After the operator creates the StatefulSet, patch it to add a permissions-fixing init container:

```bash
kubectl patch statefulset awx-postgres-15 -n awx --type=json \
  -p='[{"op":"add","path":"/spec/template/spec/initContainers","value":[{"name":"fix-perms","image":"busybox","command":["sh","-c","chown -R 26:26 /var/lib/pgsql/data && chmod 700 /var/lib/pgsql/data"],"volumeMounts":[{"name":"postgres-15","mountPath":"/var/lib/pgsql/data"}],"securityContext":{"runAsUser":0}}]}]'
```

Then restart the postgres pod:

```bash
kubectl delete pod -n awx -l app.kubernetes.io/name=awx-postgres-15
```

> **Note:** The operator may revert this patch on the next reconciliation. If so, Option A or switching to a StorageClass that respects fsGroup natively is the long-term fix.

---

## Key Differences: security_context_settings vs postgres_security_context

| CR Field | Applies To |
|----------|-----------|
| `security_context_settings` | AWX web and task pods |
| `postgres_security_context` | Managed PostgreSQL pod |

These are independent. Setting one does not affect the other.

---

## Useful Diagnostic Commands

```bash
# Check all AWX resources
kubectl get all -n awx

# Check PVC status
kubectl get pvc -n awx

# Check postgres secret configuration
kubectl get secret -n awx awx-postgres-configuration -o jsonpath="{.data.host}" | base64 -d

# Watch operator logs
kubectl logs -n awx deployment/awx-operator-controller-manager -f --tail=50

# Check postgres pod logs
kubectl logs -n awx -l app.kubernetes.io/name=awx-postgres-15

# Force operator re-reconciliation
kubectl annotate awx -n awx awx --overwrite restartedAt=$(date +%s)
```

---

## Full Recovery Procedure (Nuclear Option)
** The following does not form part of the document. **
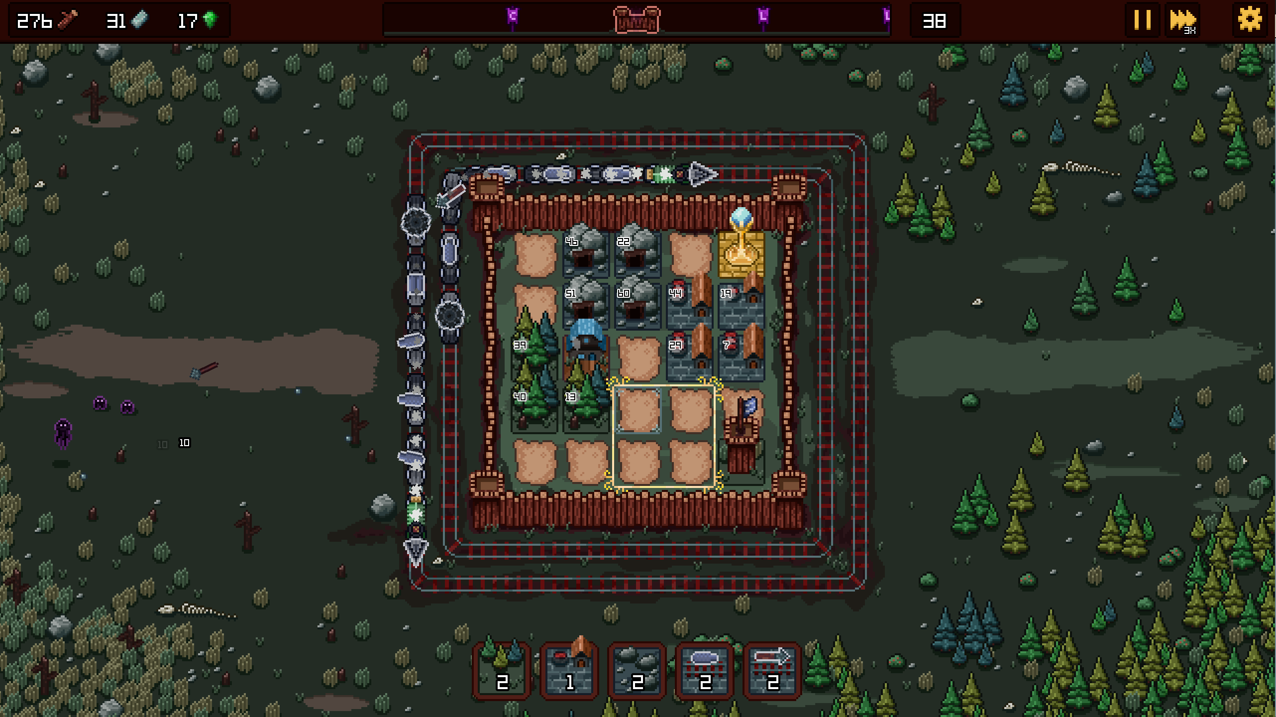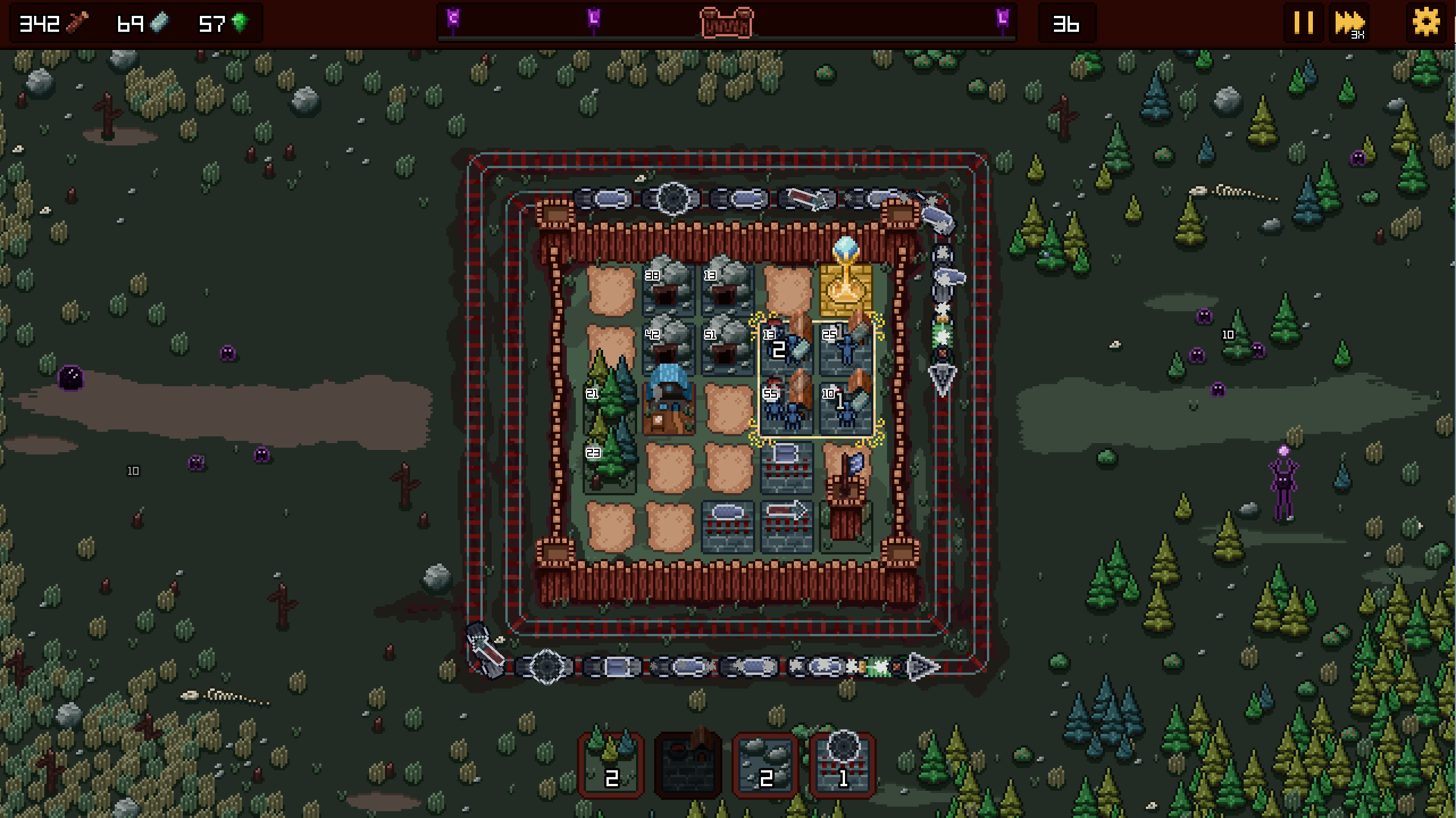 If I were to expand upon it, was there anything you would’ve liked to see or have included? I have some thoughts on more structures, like a windmill that activates the tile in front of it periodically. Or research buildings that upgrade the strength/power of the train cars.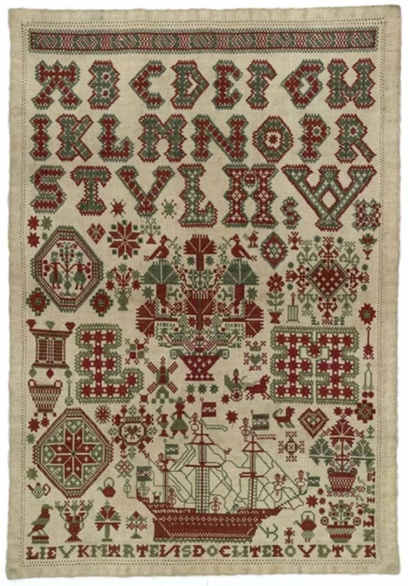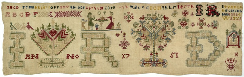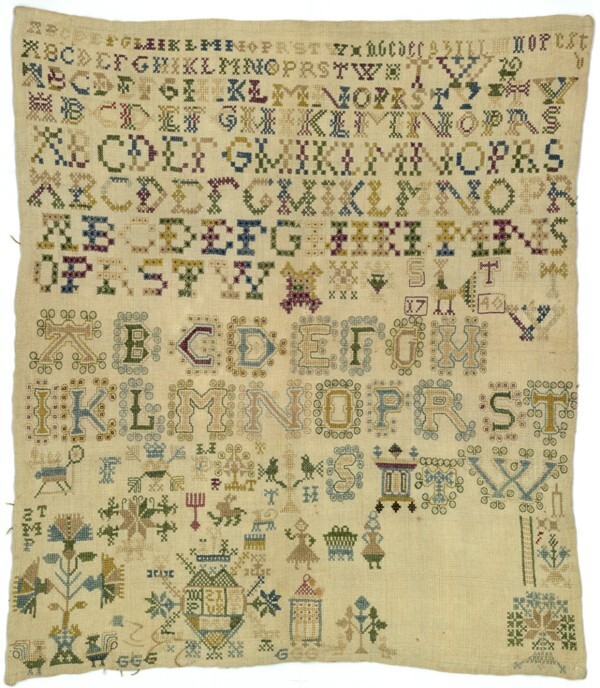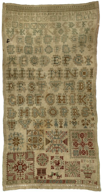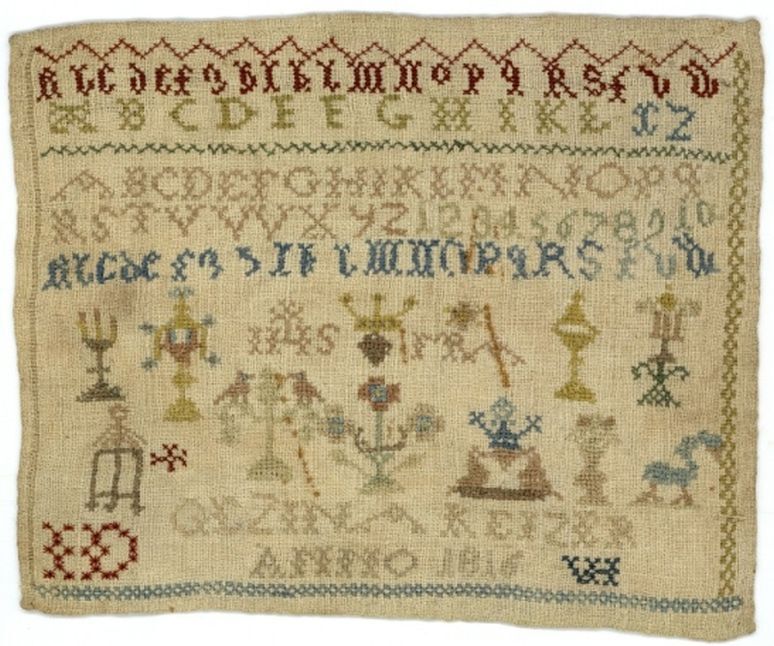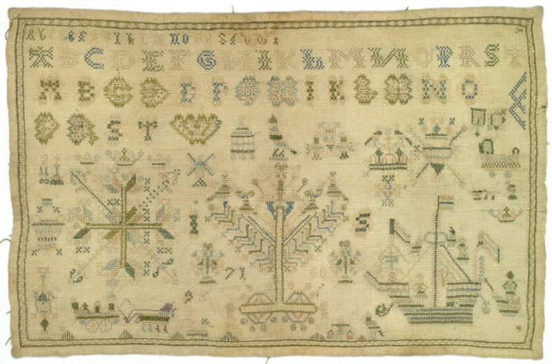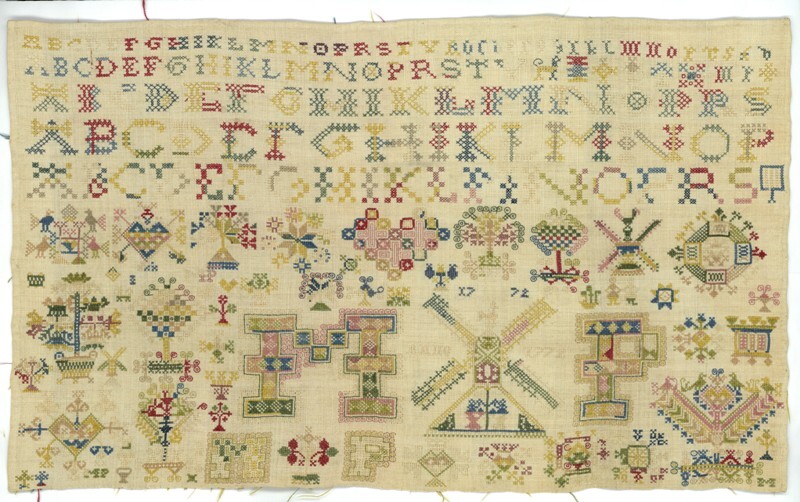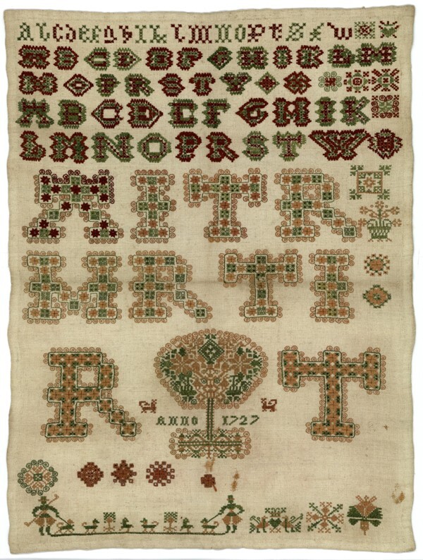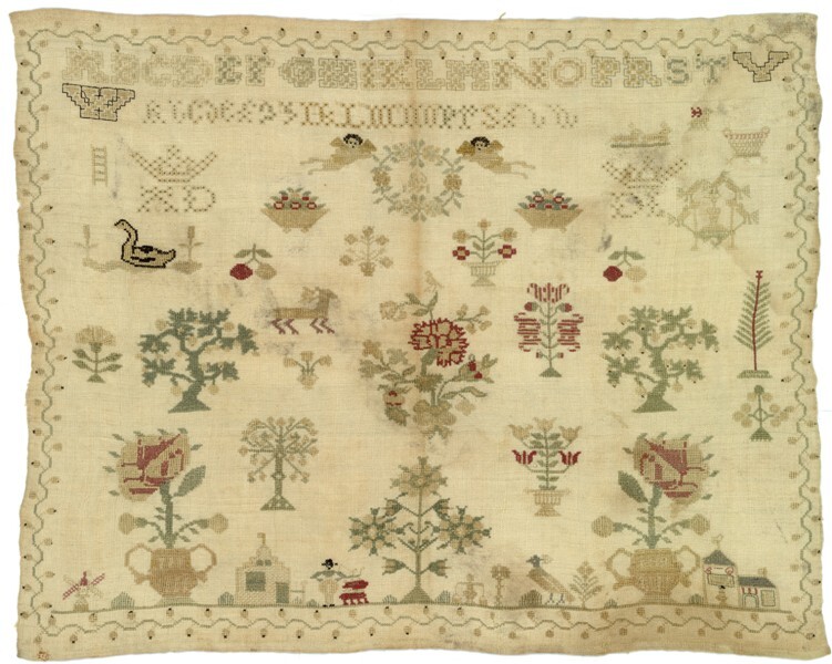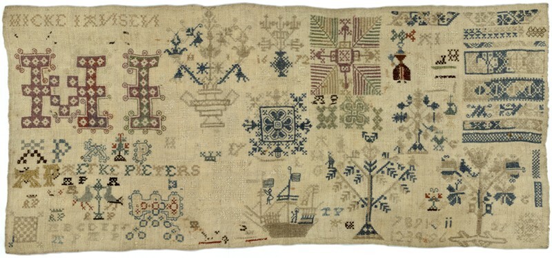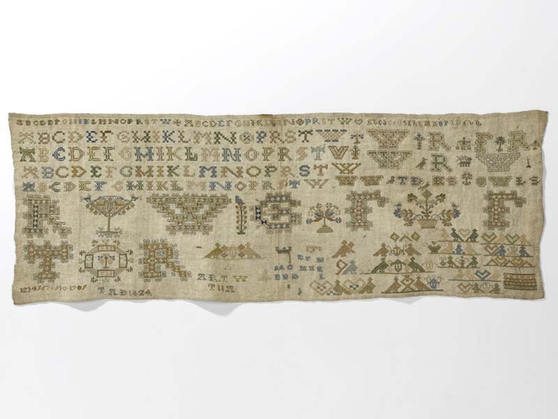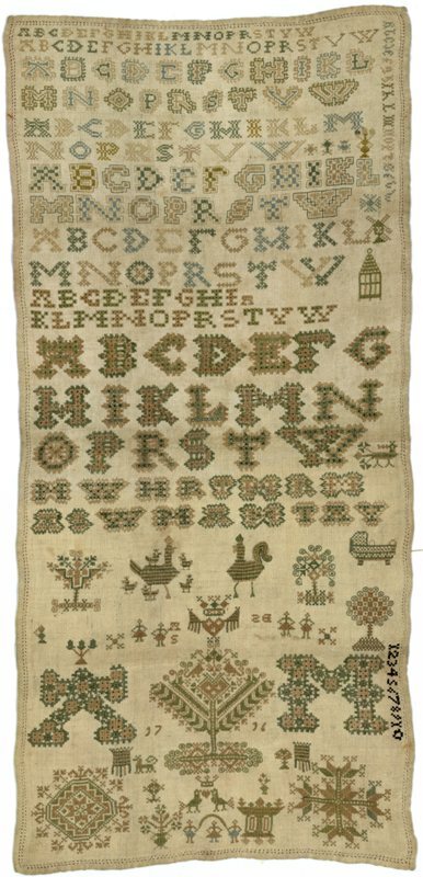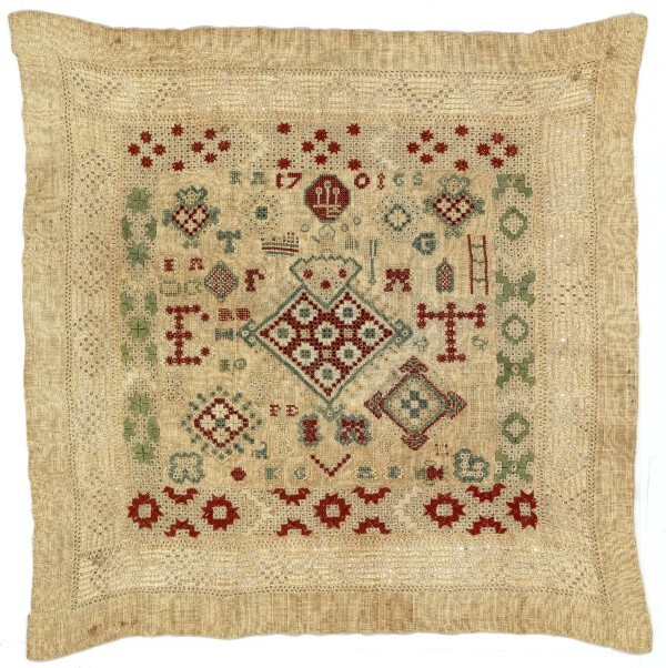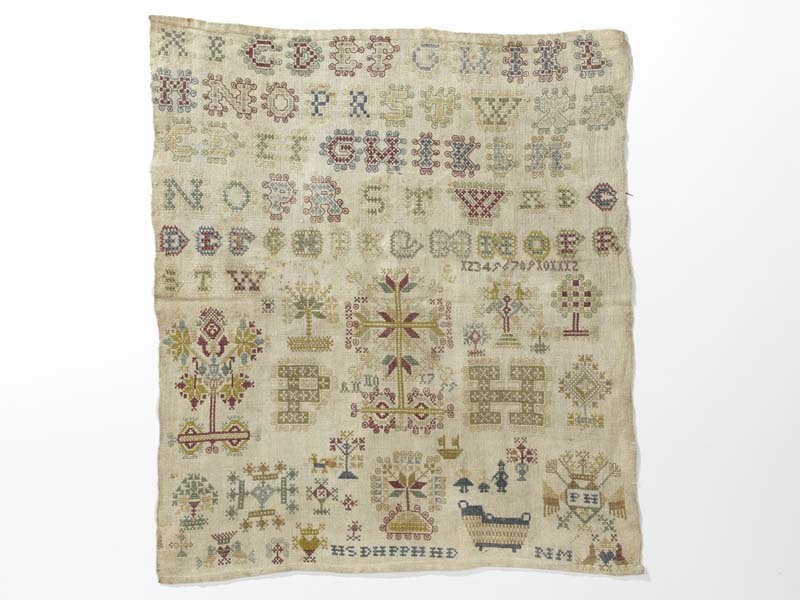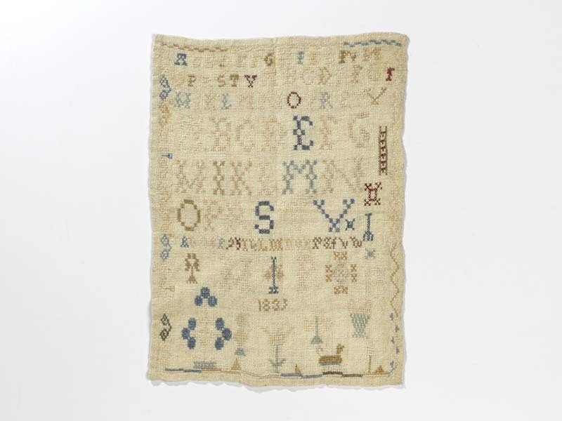 Merklap geborduurd met wol, gemerkt MGDA 1683

If the deployment is in a completely broken state, reset everything and let the operator rebuild from scratch:

```bash
# Delete all managed resources
kubectl delete deployment -n awx awx-task awx-web
kubectl delete statefulset -n awx awx-postgres-15
kubectl delete pvc -n awx postgres-15-awx-postgres-15-0
kubectl delete secret -n awx awx-postgres-configuration
kubectl delete secret -n awx awx-app-credentials
kubectl delete secret -n awx awx-admin-password
kubectl delete secret -n awx awx-broadcast-websocket
kubectl delete secret -n awx awx-receptor-ca
kubectl delete secret -n awx awx-receptor-work-signing

# Restart the operator
kubectl rollout restart deployment -n awx awx-operator-controller-manager

# The operator will recreate everything from the AWX CR
```

> **Warning:** This deletes all AWX state including admin passwords and database data. Only use if you have no data to preserve or have a backup.